2.11. HMGB1 Perturbation and Metabolic Assays
HMGB1 was knocked down with siRNA in Tax-off and Tax-on states, and a rescue condition was generated by HMGB1 re-expression after knockdown. Primary metabolic endpoints were extracellular lactate concentration, ECAR, and glucose uptake. qPCR and immunoblot validation of glycolysis- and immune-related readouts are provided in Supplementary Figure S4 and Supplementary Tables S12-S14.
2.12. Flow Cytometry and Donor-Matched Immune Co-culture Assays
For immune co-culture experiments, five independent healthy adult donor blood samples were collected after written informed consent. Peripheral blood mononuclear cells were isolated from each donation and activated to generate cytotoxic effector preparations. Each donor-derived effector preparation was tested in parallel against all target-cell conditions, allowing paired donor-level analysis. Target and effector cells were co-cultured at an effector:target ratio of 5:1 for 24 h, a condition chosen to preserve dynamic range in the killing assay. Target-cell killing was defined as the percentage loss of viable target cells relative to paired target-only controls. Supernatant interferon-gamma (IFN-gamma) and lactate were quantified after co-culture. In selected Tax-on conditions, either a PD-L1 blocking antibody or a lactate inhibitor was added to test pathway sensitivity. Surface PD-L1 and Galectin-9 were quantified on target cells as mean fluorescence intensity (MFI) by flow cytometry. Individual donor values are provided in Supplementary Tables S15 and S16.

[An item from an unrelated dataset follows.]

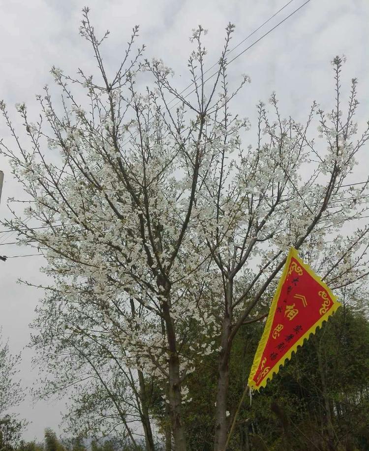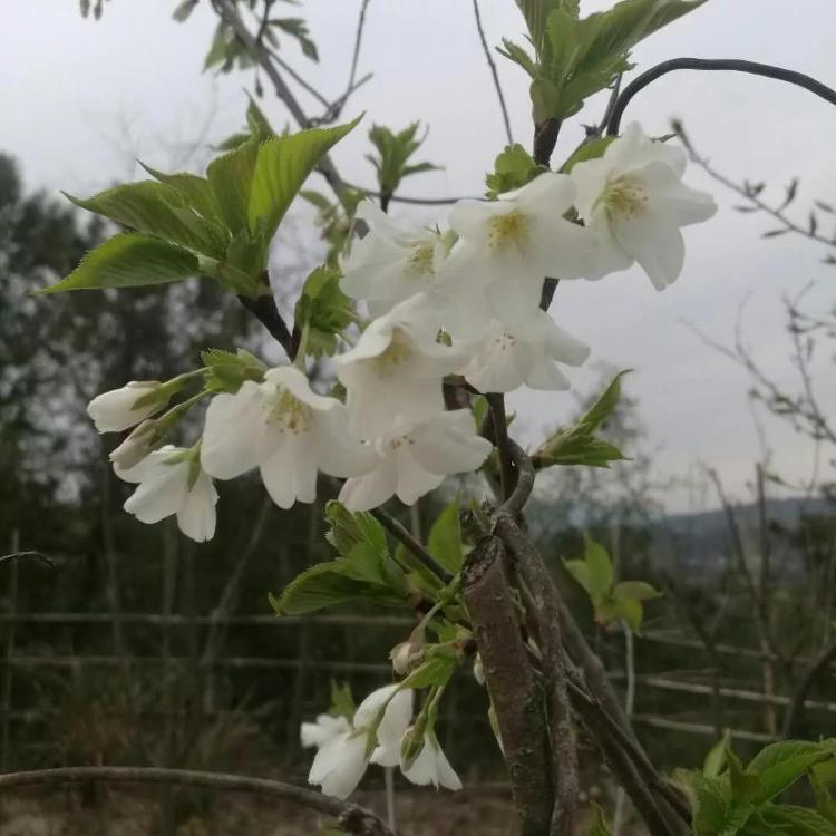 白櫻已綻放枝頭,紅櫻也結苞,
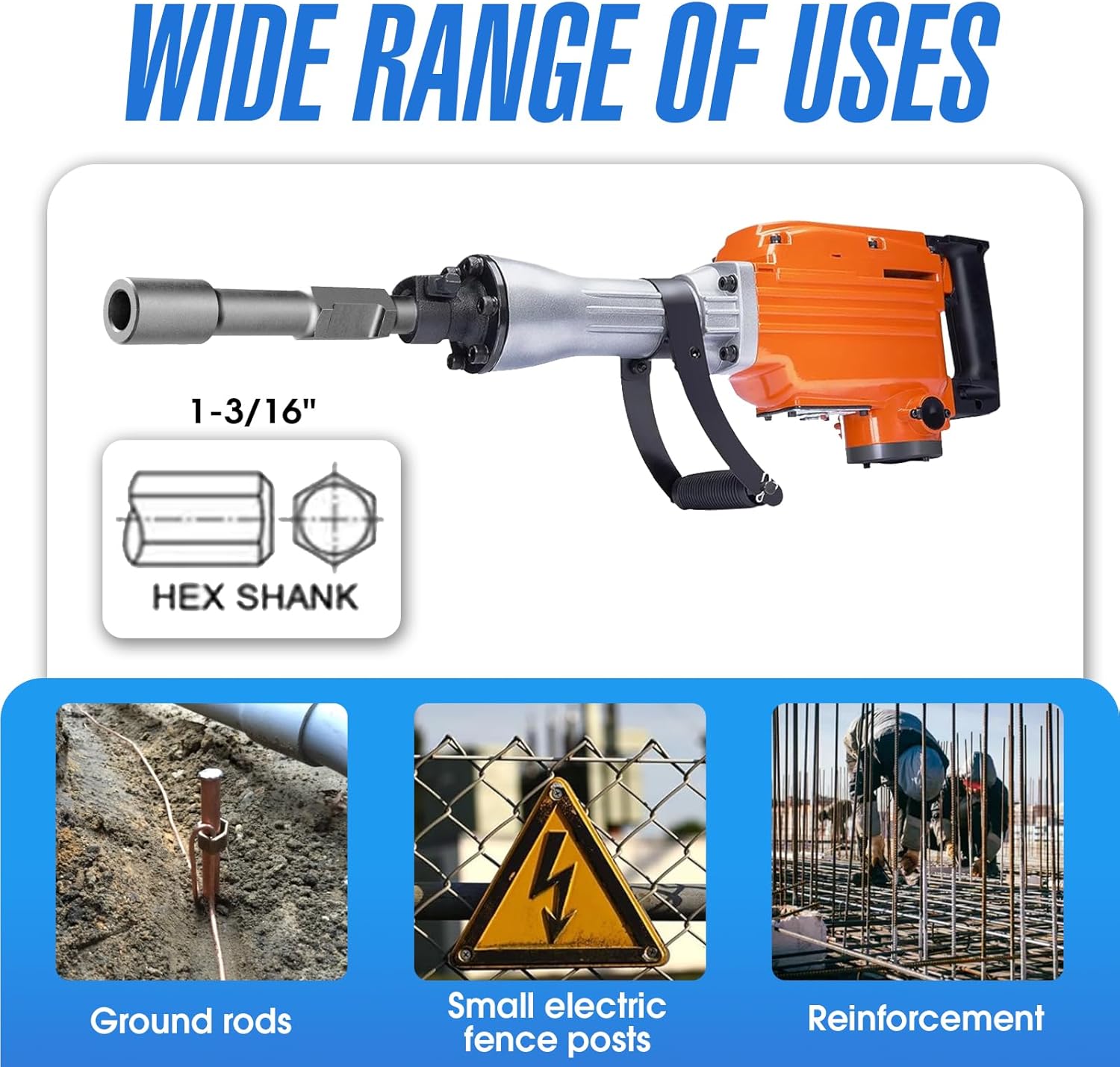 Professional Hex Shank Ground Rod Driver for Demolition Jackhammers Stop the exhausting and time-consuming process of driving ground rods by hand. Our Hex Shank Ground Rod Driver is the professional-grade attachment that turns your standard demolition electric jackhammer into a powerful, precise installation tool. Achieve perfect results for electrical grounding, fencing, and signage projects in a fraction of the time. Core Features & Benefits: ✔️ Eliminate Manual Sledgehammer Work Harness the raw power of your jack hammer. This ground rod driver attachment makes driving rods a quick, safe, and one-person operation. It transfers the intense impact force of your tool directly into the rod, saving your back and your valuable time. ✔️ Built with 40 Chrome Steel for Maximum Longevity We don’t cut corners on quality. Forged from tough 40 chrome steel, this driver is built to resist wear, deformation, and corrosion. It’s engineered to deliver durable performance job after job, standing up to the most demanding conditions. ✔️ Universal 1-3/16" Hex Shank Compatibility Get the right fit every time. Designed with a standard 1-3/16" Hex Shank, this driver is compatible with the vast majority of SDS-Hex Demolition Jackhammers on the market. It serves as a perfect replacement attachment for popular models from Vevor, Berserker, and other major brands. ✔️ A Must-Have for Your Hammer Drill Driving Kit Increase the versatility and value of your power tools. This ground rod bit is an essential addition to any professional or DIY hammer drill driving kit, enabling you to tackle a wider range of projects with a single, powerful machine. Product Specifications: Material: 40 Chrome Steel Shank Size: 1-3/16" Hex Total Length: 10-2/16" Compatibility: SDS-Hex Demolition Jackhammers Upgrade your toolkit today. Add this essential ground rod driver to your cart and experience a new level of efficiency and professionalism!

2.13. Primary Outcomes, Multiplicity, and Statistics
The prespecified primary mechanistic endpoints were HMGB1 promoter activation, HMGB1 promoter occupancy by Tax, and the metabolic readouts lactate, ECAR, and glucose uptake. The prespecified primary functional endpoints were target-cell PD-L1 MFI and donor-matched target-cell killing. Other readouts, including Galectin-9 and IFN-gamma, were considered supportive. Two-group bulk-cohort comparisons used two-sided Mann-Whitney U tests when distributional assumptions were uncertain. Tax-switch and other wet-lab comparisons used two-sided Welch's t-tests unless donor matching required paired t-tests. Correlations used Spearman's rho. FDR correction was applied within the candidate-gene differential-expression analyses for each cohort. Because the wet-lab endpoints were hypothesis-driven and hierarchically organized around the primary endpoints above, no across-assay omnibus multiplicity correction was applied; supportive endpoints were interpreted accordingly.
2.14. Ethics
Analyses of public GEO datasets used de-identified public data and did not require additional ethics approval. Donor-derived blood collection for ex vivo immune co-culture assays was performed after written informed consent under institutionally approved protocols in accordance with the Declaration of Helsinki. Consent covered the use of de-identified blood samples for functional immune assays. Because the study did not involve an interventional clinical trial, clinical trial registration was not applicable.